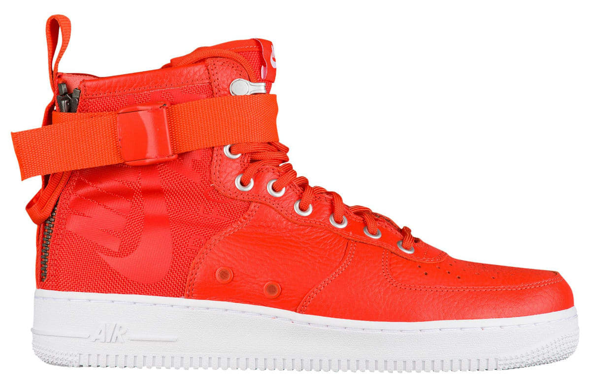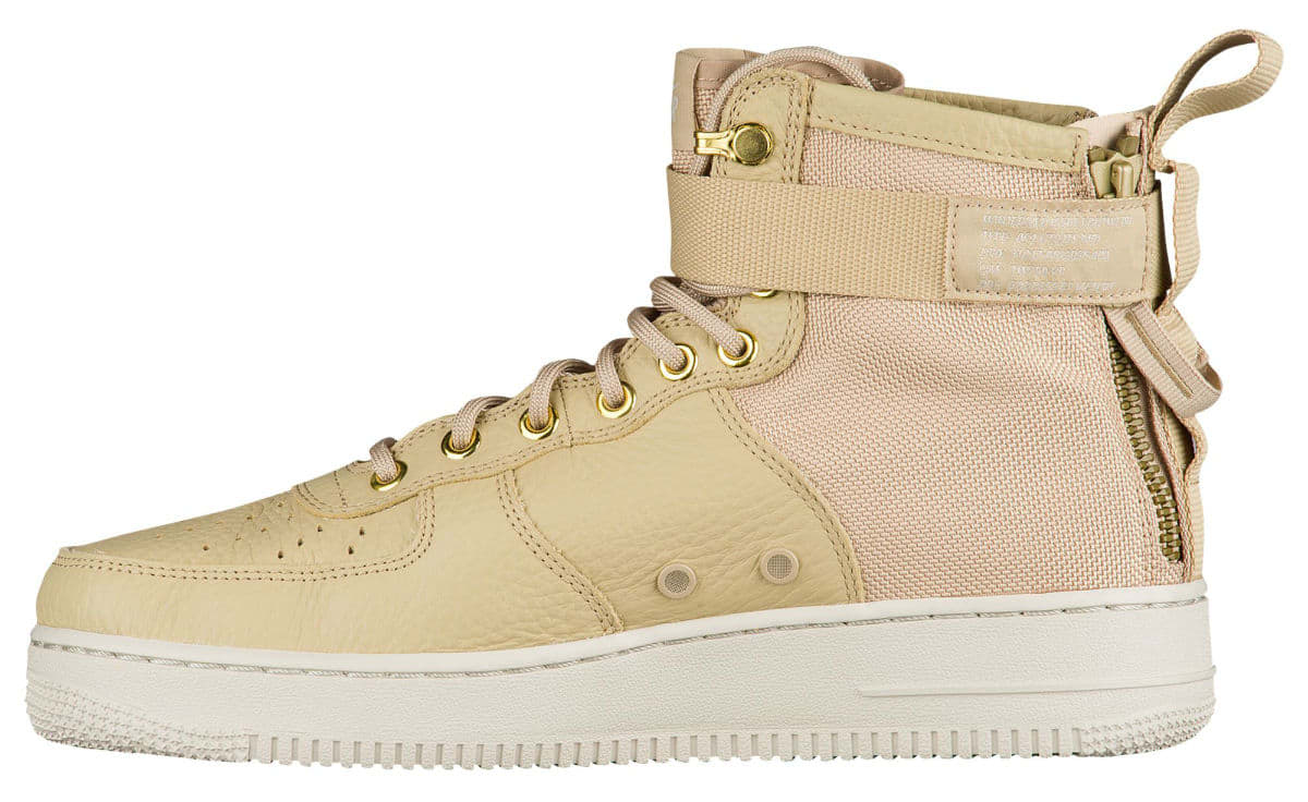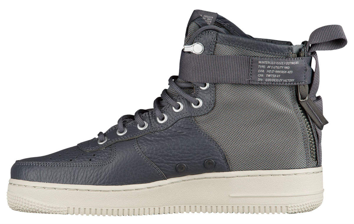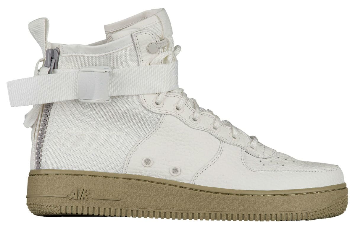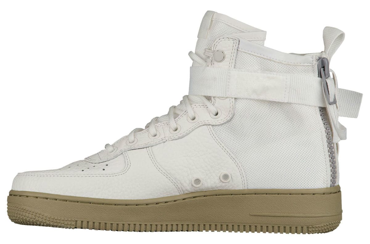 Nike 公司为了应对炎热的夏季,将推出 7 款中帮版的 Special Field Air Force 1。鞋身将延续之前采用抗撕裂尼龙以及皮革材质打造,脚踝处则改为经典的一条绑带,并在鞋帮处印有 Nike AF 1 Logo,后跟的双拉链设计,机能感十足极具特点!
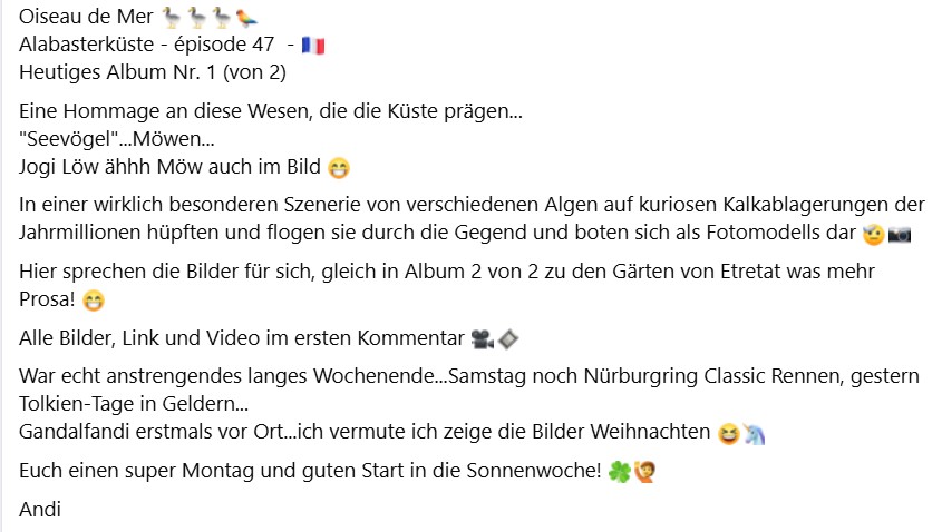 Oiseau de Mer Alabasterküste - épisode 47 - Heutiges Album Nr. 1 (von 2) Eine Hommage an diese Wesen, die die Küste prägen..."Seevögel"...Möwen...Jogi Löw ähhh Möw auch im Bild In einer wirklich besonderen Szenerie von verschiedenen Algen auf kuriosen Kalkablagerungen der Jahrmillionen hüpften und flogen sie durch die Gegend und boten sich als Fotomodells dar Hier sprechen die Bilder für sich, gleich in Album 2 von 2 zu den Gärten von Etretat was mehr Prosa! Alle Bilder, Link und Video im ersten Kommentar War echt anstrengendes langes Wochenende...Samstag noch Nürburgring Classic Rennen, gestern Tolkien-Tage in Geldern...Gandalfandi erstmals vor Ort...ich vermute ich zeige die Bilder Weihnachten Euch einen super Montag und guten Start in die Sonnenwoche! Andi
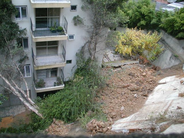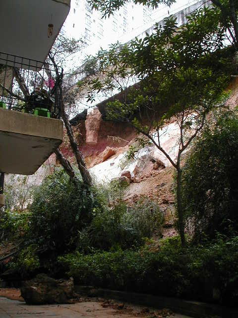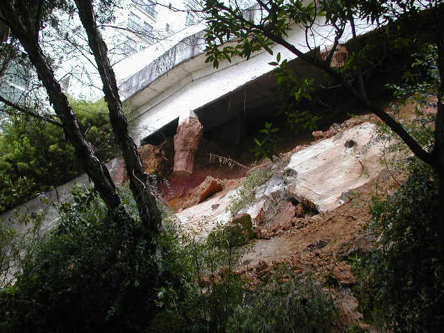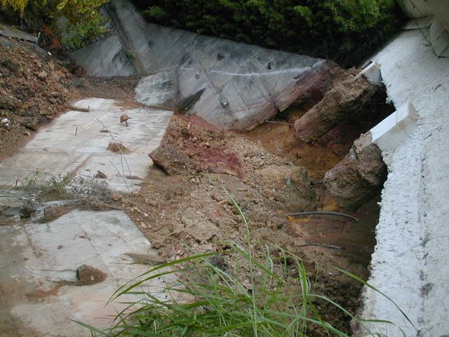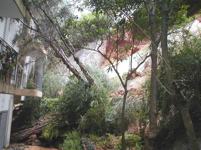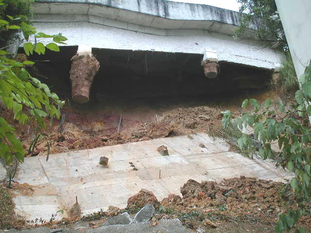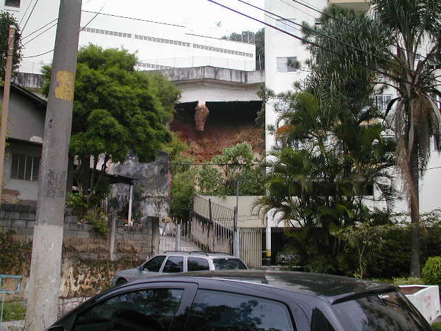 | - Foto em 11/09/2009 -Colapso da cortina de do talude, vista pela rua dos fundos. | |
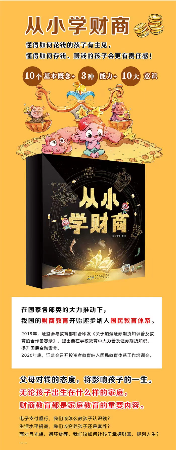 从小学财商是关于财商启蒙和培养的功能性图画书,以3-6岁幼儿为读者对象,共10册。分别是《1外星人也需要钱·钱的用途》《2爸爸是个大忙人·如何赚钱》《3职业梦想大作战·职业规划》《4爷爷的礼物泡汤了·交易方式》《5种下一棵金钱树·虚拟货币》《6信用也能当钱花·个人信用》《7一夜变成大富翁·防范骗局》《8我全部都想买·财务规划》《9蛋糕店的大麻烦·计算成本》《10钱不是万能的·金钱观念》。 外星人西西一家因意外迫降地球,为了更快更好地适应地球生活,他们必须了解我们当下的货币流通法则和金融行为,也因此发生了很多温馨搞笑的故事。本套书通过10个贴近生活的小故事,讲述了交易方式、存钱、记账、预算、信用、虚拟货币等10个核心的财商概念,旨在帮助小朋友对基本的金融法则和当下流行的交易方式建立认知,于潜移默化中培养认识财富的能力、运用财富的能力和创造财富的能力,树...

TASK PROMPT:
Every line of the data above should be returned exactly, with the pictures removed.

REPLY:
 Nike 公司为了应对炎热的夏季,将推出 7 款中帮版的 Special Field Air Force 1。鞋身将延续之前采用抗撕裂尼龙以及皮革材质打造,脚踝处则改为经典的一条绑带,并在鞋帮处印有 Nike AF 1 Logo,后跟的双拉链设计,机能感十足极具特点!
 Oiseau de Mer Alabasterküste - épisode 47 - Heutiges Album Nr. 1 (von 2) Eine Hommage an diese Wesen, die die Küste prägen..."Seevögel"...Möwen...Jogi Löw ähhh Möw auch im Bild In einer wirklich besonderen Szenerie von verschiedenen Algen auf kuriosen Kalkablagerungen der Jahrmillionen hüpften und flogen sie durch die Gegend und boten sich als Fotomodells dar Hier sprechen die Bilder für sich, gleich in Album 2 von 2 zu den Gärten von Etretat was mehr Prosa! Alle Bilder, Link und Video im ersten Kommentar War echt anstrengendes langes Wochenende...Samstag noch Nürburgring Classic Rennen, gestern Tolkien-Tage in Geldern...Gandalfandi erstmals vor Ort...ich vermute ich zeige die Bilder Weihnachten Euch einen super Montag und guten Start in die Sonnenwoche! Andi
 | - Foto em 11/09/2009 -Colapso da cortina de do talude, vista pela rua dos fundos. | |
 从小学财商是关于财商启蒙和培养的功能性图画书,以3-6岁幼儿为读者对象,共10册。分别是《1外星人也需要钱·钱的用途》《2爸爸是个大忙人·如何赚钱》《3职业梦想大作战·职业规划》《4爷爷的礼物泡汤了·交易方式》《5种下一棵金钱树·虚拟货币》《6信用也能当钱花·个人信用》《7一夜变成大富翁·防范骗局》《8我全部都想买·财务规划》《9蛋糕店的大麻烦·计算成本》《10钱不是万能的·金钱观念》。 外星人西西一家因意外迫降地球,为了更快更好地适应地球生活,他们必须了解我们当下的货币流通法则和金融行为,也因此发生了很多温馨搞笑的故事。本套书通过10个贴近生活的小故事,讲述了交易方式、存钱、记账、预算、信用、虚拟货币等10个核心的财商概念,旨在帮助小朋友对基本的金融法则和当下流行的交易方式建立认知,于潜移默化中培养认识财富的能力、运用财富的能力和创造财富的能力,树...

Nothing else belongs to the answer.